- _DATA BLOCK_

*-*-*

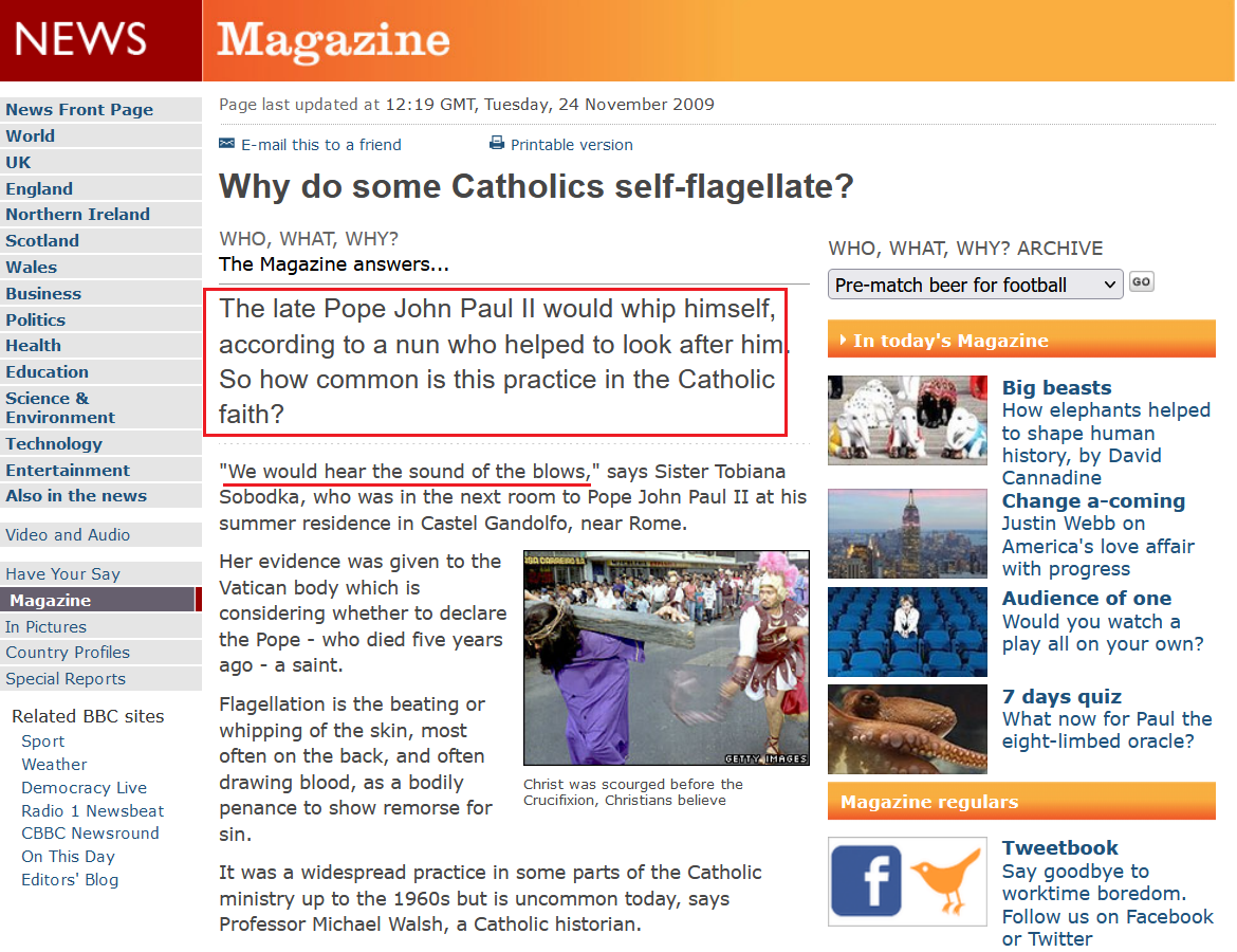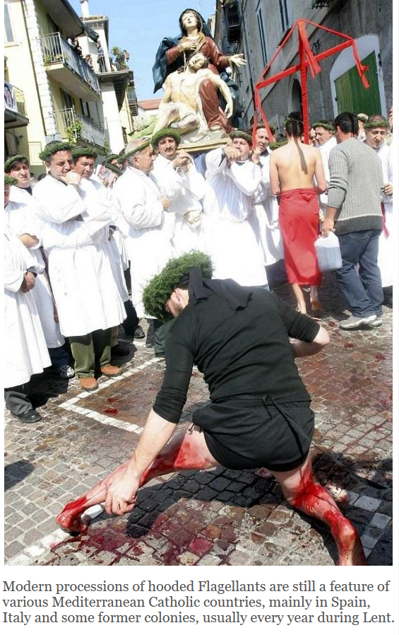 Devout Catholics have practiced mild self-flagellation for centuries, often with a simple belt but sometimes using the cat-tailed whip known as a ‘discipline.’ Although the practice has become rare since the Vatican II reforms in the 1960s, and it’s rarely discussed in public, it is still vividly practiced in many Catholic countries.
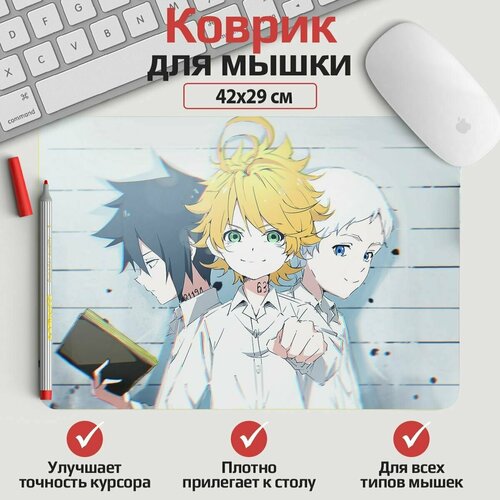 Коврик для мыши Обещанный Неверленд - Эмма, Норман и Рей 42*29 см. Арт. KOW1006
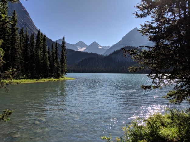 We are now camped in an actual campground at Lower Elk Lake. It’s a half mile walk in from the parking lot. The lake is beautiful with mountains and their glaciers as a backdrop. It was fun interacting with some of the other campers.

*-*-*

- _TASK DESCRIPTION_
Could the material above be written out again word for word, with the pictures dropped?

- _EXERCISE SOLUTION_
 Devout Catholics have practiced mild self-flagellation for centuries, often with a simple belt but sometimes using the cat-tailed whip known as a ‘discipline.’ Although the practice has become rare since the Vatican II reforms in the 1960s, and it’s rarely discussed in public, it is still vividly practiced in many Catholic countries.
 Коврик для мыши Обещанный Неверленд - Эмма, Норман и Рей 42*29 см. Арт. KOW1006
 We are now camped in an actual campground at Lower Elk Lake. It’s a half mile walk in from the parking lot. The lake is beautiful with mountains and their glaciers as a backdrop. It was fun interacting with some of the other campers.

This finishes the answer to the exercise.